You know what a chupacabra is? I didn’t either until Mikey on my cleaning crew started talking about his trips back to Ceiba. He’d go out into the campo with his girl to fuck, whispering to her below the revs of his dirtbike that the chupacabra was gonna get her. Once they were deep into the bush, he’d run off. When he’d come back after a while she’d be terrified, so scared she was wet again, he said, and everybody laughed so hard they smacked their hands against the table to keep from pissing their pants. When we were all laughed out it got real quiet and we finished up our lunches in silence. I didn’t get it, really, but I knew that these guys were much tougher than me and they had all gotten silent with respect or fear or something, so I’d better too. We finished our burgers, piled into the back of the truck and drove back to the stadium to change the rest of the trash cans so we could go home. Ice cream left in a garbage can for a few days in direct sunlight turns into a sort of white tar that burns if it drips onto your skin but then stays there, sticky, pulling the little hairs together in a swirl that has to be scrubbed off with soap. Those summers waiting for Lea to say yes, were a lot like melted ice cream.

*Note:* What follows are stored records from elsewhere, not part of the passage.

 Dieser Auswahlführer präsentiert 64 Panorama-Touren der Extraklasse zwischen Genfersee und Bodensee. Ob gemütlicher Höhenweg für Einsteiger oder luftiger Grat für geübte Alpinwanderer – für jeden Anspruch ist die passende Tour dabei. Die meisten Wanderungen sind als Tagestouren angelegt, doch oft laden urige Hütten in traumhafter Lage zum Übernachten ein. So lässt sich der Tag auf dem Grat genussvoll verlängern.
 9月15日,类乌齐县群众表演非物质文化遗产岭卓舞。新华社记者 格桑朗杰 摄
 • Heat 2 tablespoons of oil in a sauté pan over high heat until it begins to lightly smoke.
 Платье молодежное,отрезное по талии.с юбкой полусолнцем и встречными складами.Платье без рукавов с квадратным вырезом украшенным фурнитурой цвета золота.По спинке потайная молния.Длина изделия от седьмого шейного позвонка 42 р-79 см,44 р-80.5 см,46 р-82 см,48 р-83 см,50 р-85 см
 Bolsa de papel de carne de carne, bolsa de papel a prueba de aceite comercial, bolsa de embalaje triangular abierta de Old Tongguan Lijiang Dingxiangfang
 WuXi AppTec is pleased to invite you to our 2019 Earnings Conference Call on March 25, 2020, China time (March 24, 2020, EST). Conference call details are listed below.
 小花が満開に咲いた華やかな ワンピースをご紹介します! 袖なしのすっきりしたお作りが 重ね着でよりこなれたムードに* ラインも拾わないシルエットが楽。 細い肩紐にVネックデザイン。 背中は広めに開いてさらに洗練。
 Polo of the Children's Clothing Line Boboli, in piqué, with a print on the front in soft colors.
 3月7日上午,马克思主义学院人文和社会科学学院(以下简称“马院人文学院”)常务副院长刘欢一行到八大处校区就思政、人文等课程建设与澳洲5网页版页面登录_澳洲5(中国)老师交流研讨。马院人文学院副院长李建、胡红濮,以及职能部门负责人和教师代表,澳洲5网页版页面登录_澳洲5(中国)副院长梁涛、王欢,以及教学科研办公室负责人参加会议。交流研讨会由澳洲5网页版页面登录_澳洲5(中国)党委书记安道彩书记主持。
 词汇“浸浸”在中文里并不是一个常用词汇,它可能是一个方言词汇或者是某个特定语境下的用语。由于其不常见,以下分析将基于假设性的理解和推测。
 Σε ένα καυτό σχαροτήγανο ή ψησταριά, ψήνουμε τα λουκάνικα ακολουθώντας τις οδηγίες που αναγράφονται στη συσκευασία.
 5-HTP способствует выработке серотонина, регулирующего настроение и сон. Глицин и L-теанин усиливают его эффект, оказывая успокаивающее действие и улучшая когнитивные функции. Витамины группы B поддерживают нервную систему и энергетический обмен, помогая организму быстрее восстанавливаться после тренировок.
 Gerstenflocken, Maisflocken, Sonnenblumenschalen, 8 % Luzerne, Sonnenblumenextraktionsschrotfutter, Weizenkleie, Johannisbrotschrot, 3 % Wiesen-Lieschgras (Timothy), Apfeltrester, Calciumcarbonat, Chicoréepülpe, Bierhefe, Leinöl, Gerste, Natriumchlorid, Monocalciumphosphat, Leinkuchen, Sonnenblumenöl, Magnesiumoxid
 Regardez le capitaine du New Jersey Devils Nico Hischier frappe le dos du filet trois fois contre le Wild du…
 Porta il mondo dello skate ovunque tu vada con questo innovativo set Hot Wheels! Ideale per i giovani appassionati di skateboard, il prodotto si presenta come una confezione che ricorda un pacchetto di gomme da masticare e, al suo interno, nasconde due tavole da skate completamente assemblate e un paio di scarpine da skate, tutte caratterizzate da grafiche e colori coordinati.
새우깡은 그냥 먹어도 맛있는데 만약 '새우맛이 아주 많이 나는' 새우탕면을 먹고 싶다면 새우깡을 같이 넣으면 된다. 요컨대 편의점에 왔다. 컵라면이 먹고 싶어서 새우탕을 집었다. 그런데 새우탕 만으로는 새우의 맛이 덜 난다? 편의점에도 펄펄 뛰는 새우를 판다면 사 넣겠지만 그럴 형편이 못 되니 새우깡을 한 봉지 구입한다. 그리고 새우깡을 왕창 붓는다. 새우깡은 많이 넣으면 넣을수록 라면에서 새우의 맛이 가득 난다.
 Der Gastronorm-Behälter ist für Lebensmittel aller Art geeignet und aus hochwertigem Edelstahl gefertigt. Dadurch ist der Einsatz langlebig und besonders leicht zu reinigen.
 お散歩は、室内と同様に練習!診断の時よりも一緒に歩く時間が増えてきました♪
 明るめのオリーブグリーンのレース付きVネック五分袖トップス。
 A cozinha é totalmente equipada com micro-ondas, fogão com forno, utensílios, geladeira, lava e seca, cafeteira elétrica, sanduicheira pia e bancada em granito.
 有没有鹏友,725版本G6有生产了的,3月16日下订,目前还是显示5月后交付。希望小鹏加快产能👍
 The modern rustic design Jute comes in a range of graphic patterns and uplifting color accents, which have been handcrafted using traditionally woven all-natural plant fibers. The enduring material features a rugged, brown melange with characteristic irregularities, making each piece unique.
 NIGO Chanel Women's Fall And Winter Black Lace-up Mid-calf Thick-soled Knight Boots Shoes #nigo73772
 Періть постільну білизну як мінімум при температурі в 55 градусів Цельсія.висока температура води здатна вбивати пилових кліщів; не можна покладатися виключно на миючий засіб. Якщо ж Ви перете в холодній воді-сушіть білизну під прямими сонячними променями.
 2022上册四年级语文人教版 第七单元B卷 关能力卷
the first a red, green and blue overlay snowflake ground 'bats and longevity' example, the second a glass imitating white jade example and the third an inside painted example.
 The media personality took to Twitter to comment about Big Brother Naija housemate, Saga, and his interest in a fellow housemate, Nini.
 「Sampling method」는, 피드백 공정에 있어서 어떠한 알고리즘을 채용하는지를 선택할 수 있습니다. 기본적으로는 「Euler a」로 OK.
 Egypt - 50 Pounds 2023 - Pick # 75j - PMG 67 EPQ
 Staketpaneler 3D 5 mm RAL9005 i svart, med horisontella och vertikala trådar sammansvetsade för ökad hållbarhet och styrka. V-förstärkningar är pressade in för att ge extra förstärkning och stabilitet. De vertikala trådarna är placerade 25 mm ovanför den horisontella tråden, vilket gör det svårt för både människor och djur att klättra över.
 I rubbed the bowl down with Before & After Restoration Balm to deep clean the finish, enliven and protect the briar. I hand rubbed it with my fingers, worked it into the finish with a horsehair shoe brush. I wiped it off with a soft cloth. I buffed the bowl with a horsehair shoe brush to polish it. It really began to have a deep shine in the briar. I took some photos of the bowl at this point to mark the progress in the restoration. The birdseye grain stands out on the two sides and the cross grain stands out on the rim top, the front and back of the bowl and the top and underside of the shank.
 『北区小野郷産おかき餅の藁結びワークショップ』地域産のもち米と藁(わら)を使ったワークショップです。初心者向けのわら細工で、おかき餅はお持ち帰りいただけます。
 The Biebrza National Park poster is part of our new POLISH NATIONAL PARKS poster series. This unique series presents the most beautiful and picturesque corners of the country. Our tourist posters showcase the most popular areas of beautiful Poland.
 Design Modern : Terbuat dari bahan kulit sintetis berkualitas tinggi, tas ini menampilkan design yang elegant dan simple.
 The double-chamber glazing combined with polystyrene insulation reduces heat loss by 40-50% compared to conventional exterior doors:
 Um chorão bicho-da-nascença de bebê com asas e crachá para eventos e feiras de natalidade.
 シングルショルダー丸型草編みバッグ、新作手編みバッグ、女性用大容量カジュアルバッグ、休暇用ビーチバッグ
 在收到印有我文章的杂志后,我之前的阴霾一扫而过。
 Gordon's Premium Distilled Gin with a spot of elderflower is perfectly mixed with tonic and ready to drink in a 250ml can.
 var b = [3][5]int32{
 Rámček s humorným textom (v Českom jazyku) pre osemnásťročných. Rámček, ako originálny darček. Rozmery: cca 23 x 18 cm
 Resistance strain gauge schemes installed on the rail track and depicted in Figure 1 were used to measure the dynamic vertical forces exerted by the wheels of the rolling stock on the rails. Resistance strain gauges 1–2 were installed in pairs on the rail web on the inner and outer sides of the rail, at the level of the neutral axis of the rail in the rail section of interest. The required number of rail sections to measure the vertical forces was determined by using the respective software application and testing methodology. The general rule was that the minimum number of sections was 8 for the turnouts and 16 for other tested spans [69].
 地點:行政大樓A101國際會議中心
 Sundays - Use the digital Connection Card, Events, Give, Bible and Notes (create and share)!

That same summer of the chupacabra, she told me she couldn’t do it, and that was it. She had given up, I thought. She was going down to Kingston and was going to study sociology. She was going to be really happy, going to go to the club a lot and smoke lots of weed and forget about everything. It was cheaper for her parents if she went there, too. Not everybody gets scholarships, she reminded me. We were out on the sidewalk in front of a three-decker where some people lived. Down in the basement guys were passing blunts and listening to Raekwon and up on the third floor there was Bacardi and Hennessey and all kinds of fruity mixers and reggaeton. She leaned in close to me and I reached my arms around and linked my fingers together over the brown speckled oasis low on her back, above the faded denim of her short-shorts. Her lips were sticky and her skin smelled like coconut. Tasted like coconut too. We stood there for a minute, just like that, and then I let go.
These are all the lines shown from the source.